The Canadian Journal of Communications has recently published a “preliminary version” of a paper entitled Getting it Right: Canadian Conservatives and the “War on Science” by Elyse Amend and Darin Barney. In the accompanying editorial, Michael Dorland states that he is making the paper – which is, in his view, “a timely and outstanding account of a hot topic, written with the calm of the very best policy scholarship” – available early “in the interests of democratic debate… to time it with the remaining days of the electoral discussion”.

We agree that the War on Science is – or rather, should be – an important election issue. We are less certain, however, about the quality of the scholarship.
In the first eight pages or so, the authors provide a reasonable history of the issue. Nonetheless, there are some difficulties.
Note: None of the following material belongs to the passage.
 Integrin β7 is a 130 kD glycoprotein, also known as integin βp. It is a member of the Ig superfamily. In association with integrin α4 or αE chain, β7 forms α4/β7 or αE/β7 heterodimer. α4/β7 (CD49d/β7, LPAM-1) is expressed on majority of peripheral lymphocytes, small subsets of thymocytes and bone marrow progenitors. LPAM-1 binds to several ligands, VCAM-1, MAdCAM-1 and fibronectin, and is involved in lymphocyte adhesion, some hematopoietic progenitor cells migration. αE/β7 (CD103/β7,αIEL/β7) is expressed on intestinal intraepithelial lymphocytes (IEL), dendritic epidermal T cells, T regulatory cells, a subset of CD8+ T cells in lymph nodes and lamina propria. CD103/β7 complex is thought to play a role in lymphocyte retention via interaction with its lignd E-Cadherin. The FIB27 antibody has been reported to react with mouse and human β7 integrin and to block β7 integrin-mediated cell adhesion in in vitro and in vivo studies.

For example, the authors contend that science and technology funding has been “consistent”. This is refuted by the very Statistics Canada data they cite: funding decreased by 18% in constant dollars during the Conservative majority government of 2011-15.
More significant issues arise thereafter.
Everyone engaged in this issue understands that the phrase “War on Science” is used rhetorically. As those writing for a journal of communication surely know, metaphor is a very common – and evocative – rhetorical device that can be used to great effect. So it has been here.
Yet the authors seem to have inferred that those who have employed this rhetorical phrase are levelling a substantive accusation, namely, that the Harper government is “anti-science”. For example, we are told:
“The ‘anti-science’ charge has circulated widely in Canada since the Harper Conservatives took power in 2006 and allegedly began their ‘war on science’ (e.g., Death of Evidence, 2012; Dupuis, 2013; Gatehouse, 2013; Turner, 2013).”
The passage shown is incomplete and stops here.